# WHAT YOU ARE ASKED TO DO
A faithful copy is needed of the lines below from the one with "пейзаж с двумя лошадьми и охотничьей собакой" up to and including the one with "陈琳自2024年8月投身吉林"; set it down with no pictures and no other lines.

● ● ● ● ●

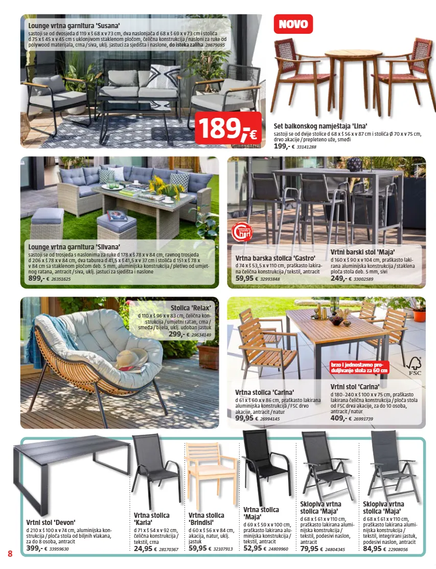 8 novo brzo i jednostavno pro- duljivanje stola za 60 cm lounge vrtna garnitura 'silvana' sastoji se od trosjeda s naslonima za ruke d 178 x š 78 x v 84 cm, ravnog trosjeda d 206 x š 78 x v 84 cm, dva taburea d 41,5 x š 41,5 x v 37 cm i stolića d 151 x š 78 x v 84 cm sa staklenom pločom deb. 5 mm, aluminijska konstrukcija / pletivo od umjet- nog ratana, antracit / siva, uklj. jastuci za sjedišta i naslone 899,- € 26351625 stolica 'relax' d 110 x š 96 x v 83 cm, čelična kon- strukcija / umjetni ratan, crna / smeđa / bijela, uklj. udoban jastuk 299,- € 29634149 vrtna barska stolica 'gastro' d 74 x š 53,5 x v 110 cm, praškasto lakira- na čelična konstrukcija / tekstil, antracit 59,95 € 32993848 vrtni barski stol 'maja' d 160 x š 90 x v 104 cm, praškasto laki- rana aluminijska konstrukcija / staklena ploča stola deb. 5 mm, sivi 249,- € 33002589 set balkonskog namještaja 'lina' sastoji se od dvije stolice d 68 x š 56 x v 87 cm i stolića ø 70 x v 75 cm, drvo akacije / prepleteno uže, smeđi 199,- € 33141288 vrtni stol 'devon' d 210 x š 100 x v 74 cm, aluminijska kon- strukcija / ploča stola od biljnih vlakana, za do 8 osoba, antracit 399,- € 33959630 vrtna stolica 'brindisi' d 60 x š 56 x v 84 cm, akacija, natur, uklj. jastuk 59,95 € 32107913 sklopiva vrtna stolica 'maja' d 68 x š 61 x v 110 cm, praškasto lakirana alumi- nijska konstrukcija / tekstil, podesivi naslon, antracit 79,95 € 24804345 sklopiva vrtna stolica 'maja' d 68 x š 61 x v 110 cm, praškasto lakirana alumi- nijska konstrukcija / tekstil, integrirani jastuk, podesivi naslon, antracit 84,95 € 22908056 vrtna stolica 'carina' d 61 x š 60 x v 86 cm, praškasto lakirana aluminijska konstrukcija / fsc drvo akacije, antracit / natur 99,95 € 26994145 vrtni stol 'carina' d 180 - 240 x š 100 x v 75 cm, praškasto lakirana čelična konstrukcija / ploča stola od fsc drva akacije, za do 10 osoba, antracit / natur 409,- € 26991739 lounge vrtna garnitura 'susana' sastoji se od dvosjeda d 119 x š 68 x v 73 cm, dva naslonjača d 68 x š 69 x v 73 cm i stolića d 75 x š 45 x v 45 cm s uklonjivom staklenom pločom, čelična konstrukcija / nasloni za ruke od polywood materijala, crna / siva, uklj. jastuci za sjedišta i naslone, do isteka zaliha 28679095 189, - € vrtna stolica 'maja' d 69 x š 59 x v 100 cm, praškasto lakirana alu- minijska konstrukcija / tekstil, antracit 52,95 € 24809960 vrtna stolica 'karla' d 71 x š 54 x v 92 cm, čelična konstrukcija / tekstil, crna 24,95 € 28170367
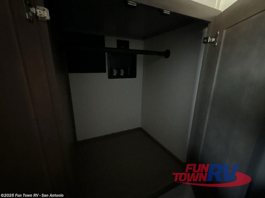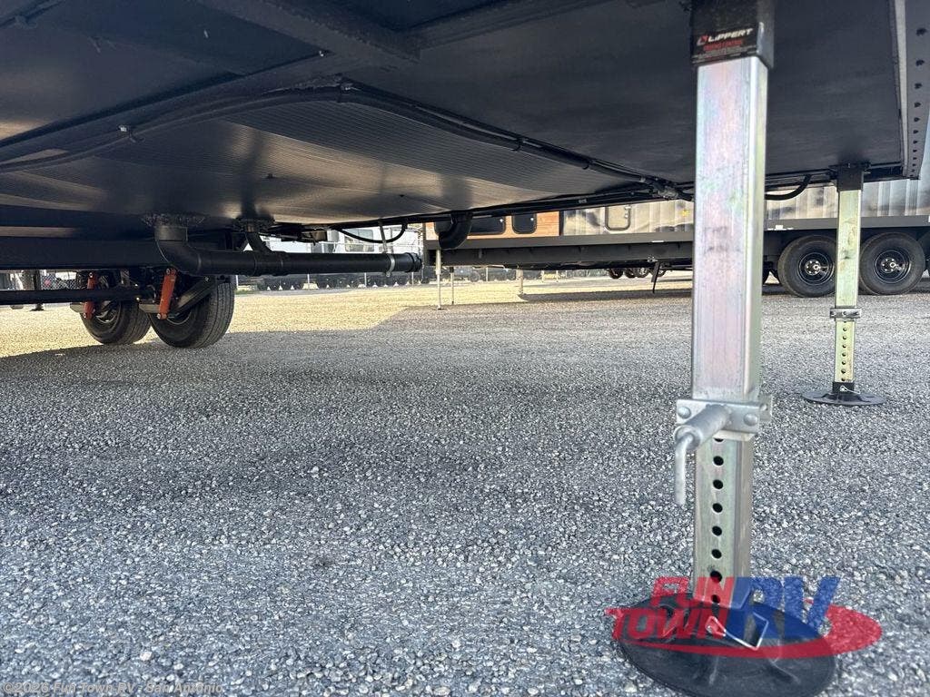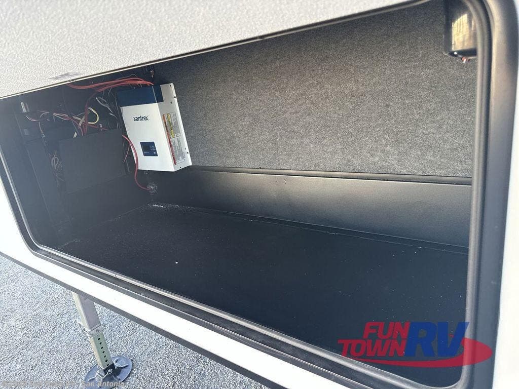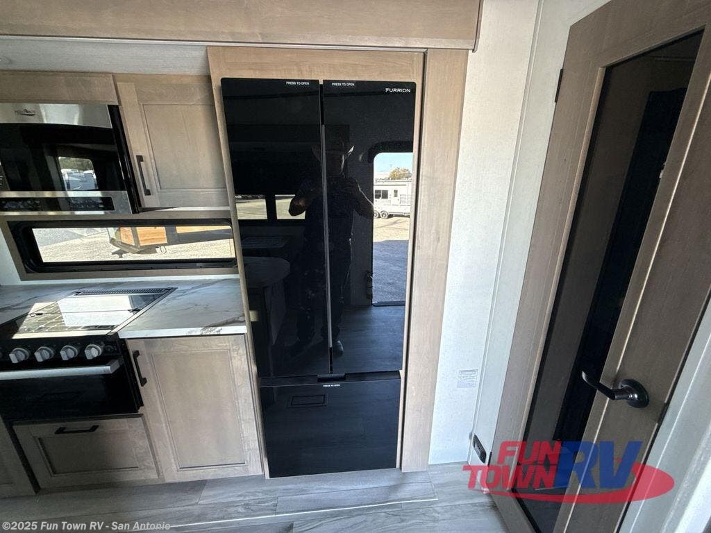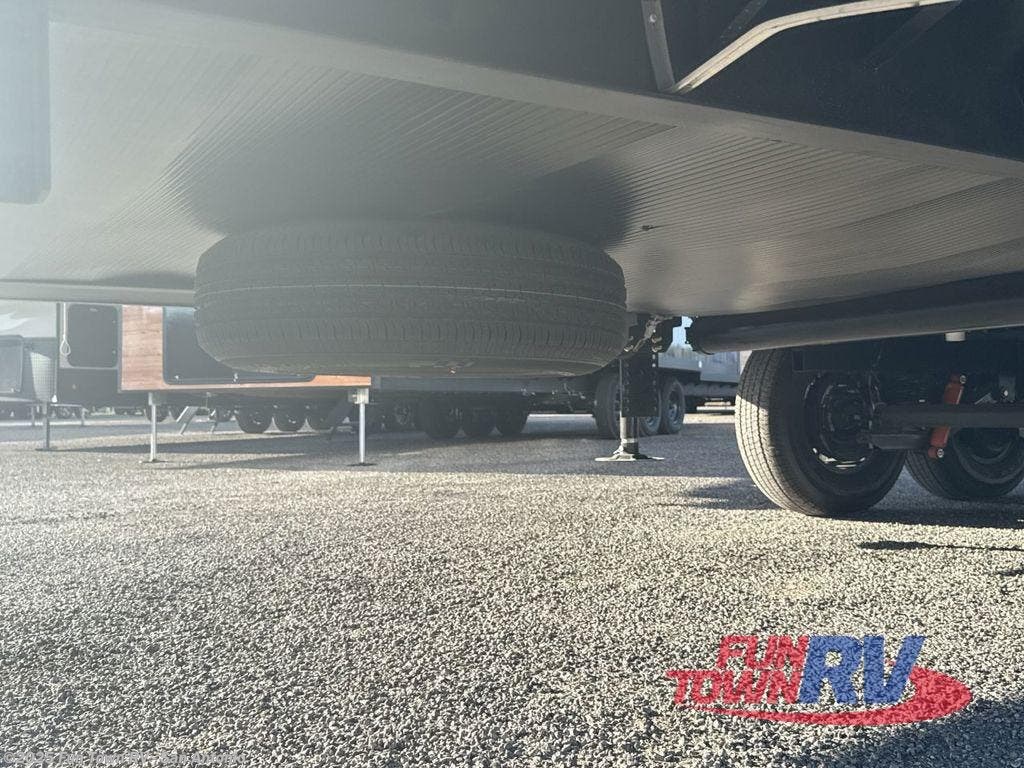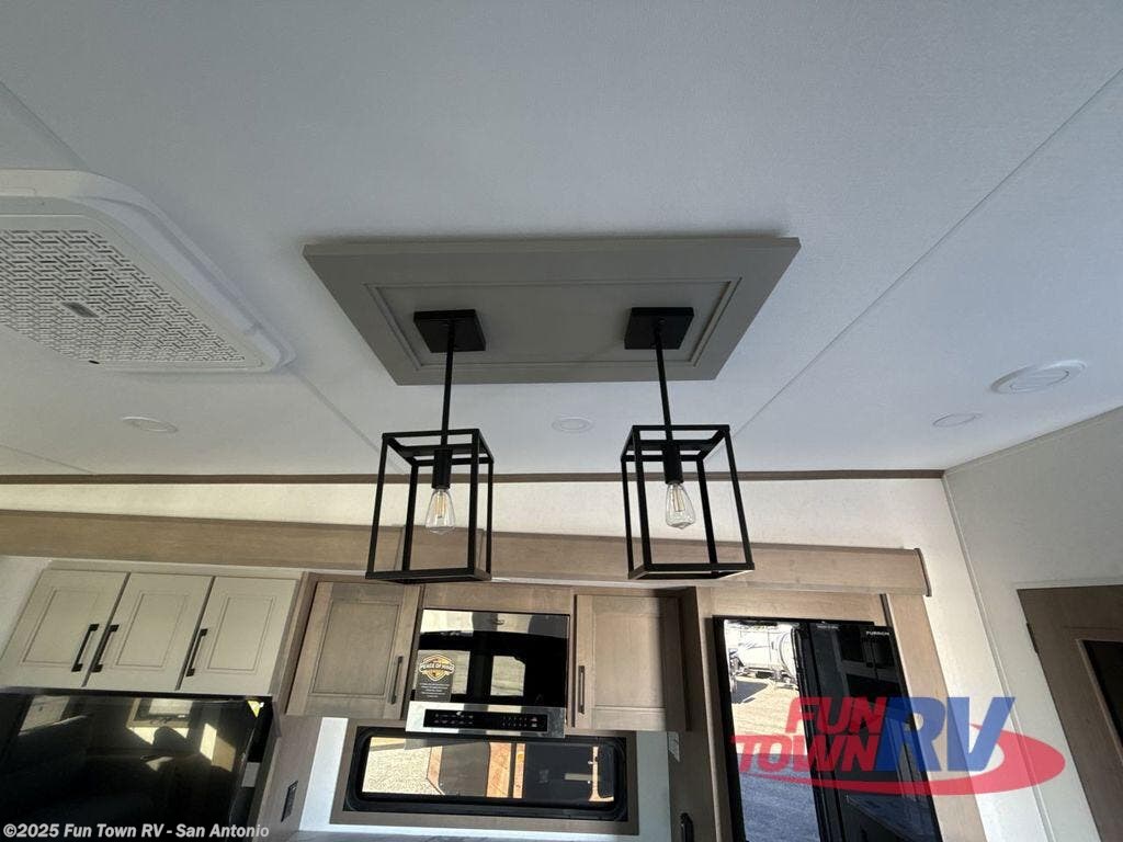 This fifth wheel will feel just like home with its kitchen island, theater seating, and front private bedroom! If you have any overnight guests, they can sleep on the rear hide-a-bed sofa. There is also a dinette with EZ adjust table for dining space, an entertainment center with a 43" Smart LED TV and an optional 40" fireplace. You will love the extra features that have been added, like the hutch in the kitchen for extra counter and storage space, the shower skylight in the spacious full bath, and the slide out wardrobe in the front bedroom!
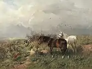 пейзаж с двумя лошадьми и охотничьей собакой
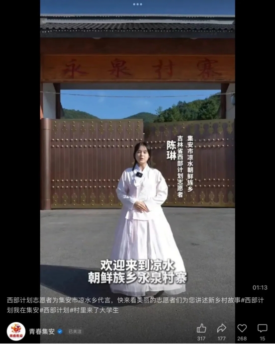 陈琳自2024年8月投身吉林省大学生志愿服务西部计划“卫国戍边”项目。服务期间,主要负责凉水朝鲜族民俗文化展示馆的讲解工作。为了能够更好地完成任务,她投入大量时间查阅文献资料,全面了解凉水乡的旅游发展战略以及丰富多彩的朝鲜族民俗文化。同时,她还参与当地宣传视频拍摄、乡政府党建工作,积极参与助农直播,利用业余时间帮助脱贫户销售农产品,用行动诠释出吉外学子“奉献、友爱、互助、进步”的志愿服务精神。
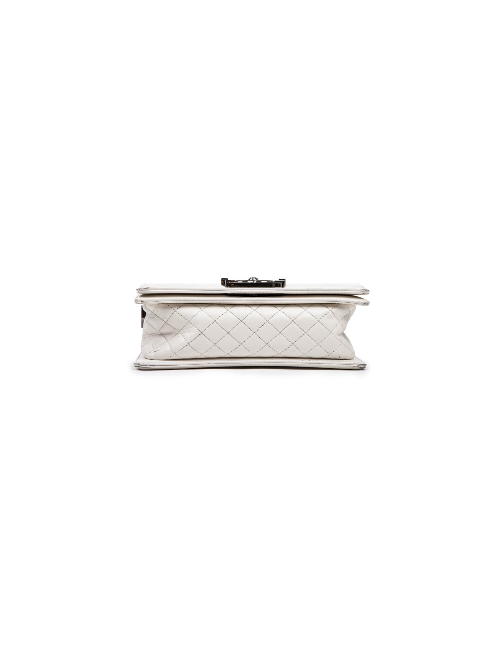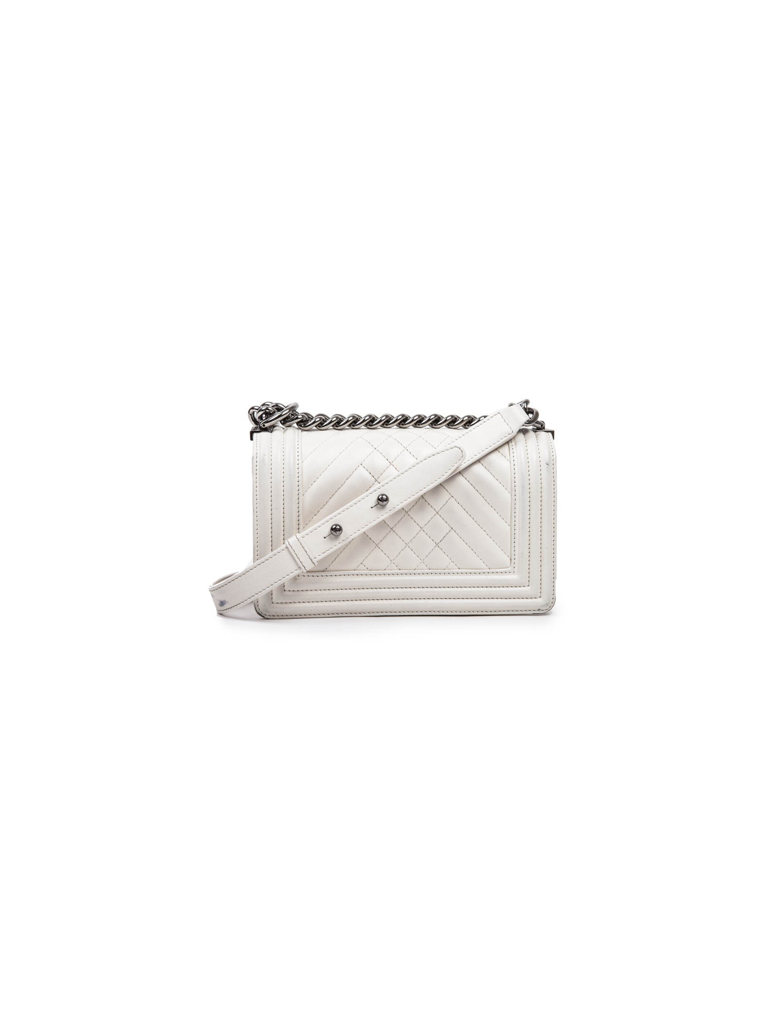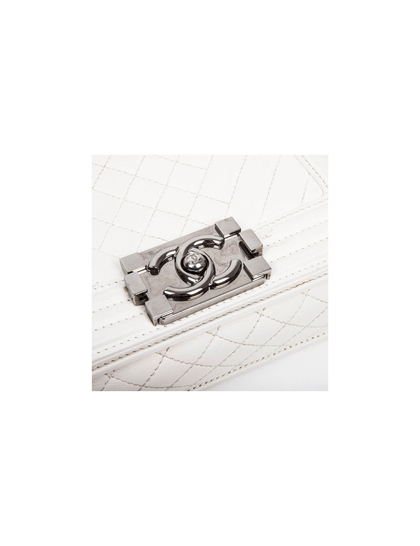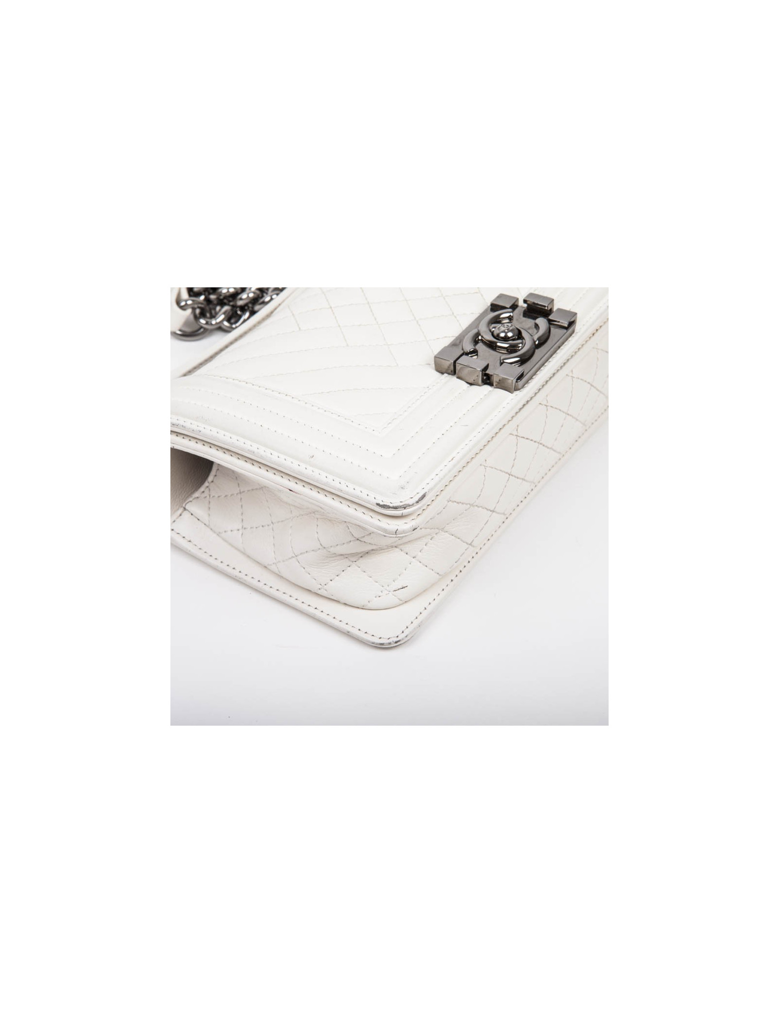 Sac "Boy" Chanel en cuir blanc matelassé. Petit modèle. Accastillage métal argent ruthénium. Fermeture avec clip siglé "CC". Porté épaule ou crossover avec l'anse réglable. Intérieur en cuir de la même teinte. Hologramme 1927... Made in Italy.
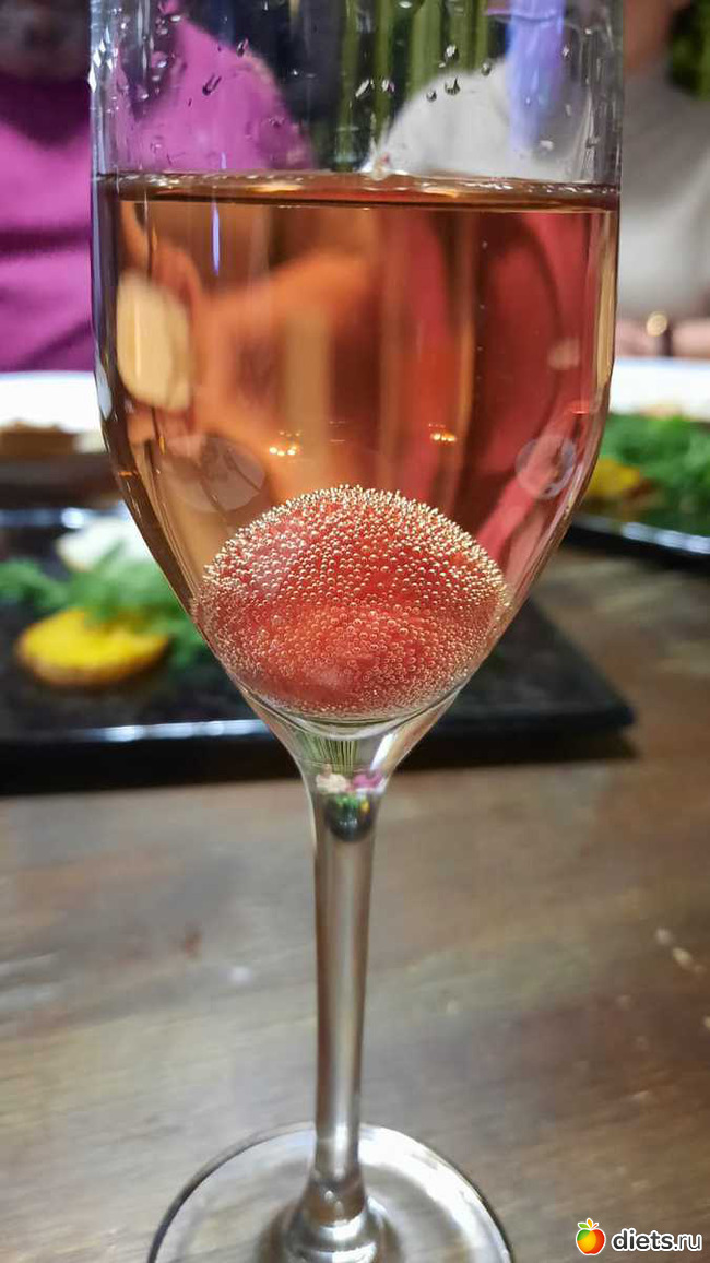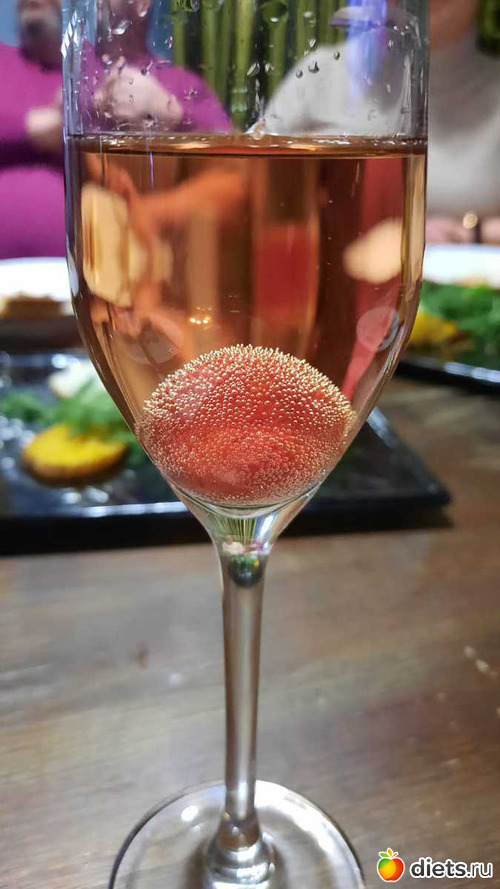 вино какое-то игристое, розовый букет какой-то, забыла, это я туда виноградинку положила

● ● ● ● ●

# EXERCISE RESPONSE
 пейзаж с двумя лошадьми и охотничьей собакой
 陈琳自2024年8月投身吉林省大学生志愿服务西部计划“卫国戍边”项目。服务期间,主要负责凉水朝鲜族民俗文化展示馆的讲解工作。为了能够更好地完成任务,她投入大量时间查阅文献资料,全面了解凉水乡的旅游发展战略以及丰富多彩的朝鲜族民俗文化。同时,她还参与当地宣传视频拍摄、乡政府党建工作,积极参与助农直播,利用业余时间帮助脱贫户销售农产品,用行动诠释出吉外学子“奉献、友爱、互助、进步”的志愿服务精神。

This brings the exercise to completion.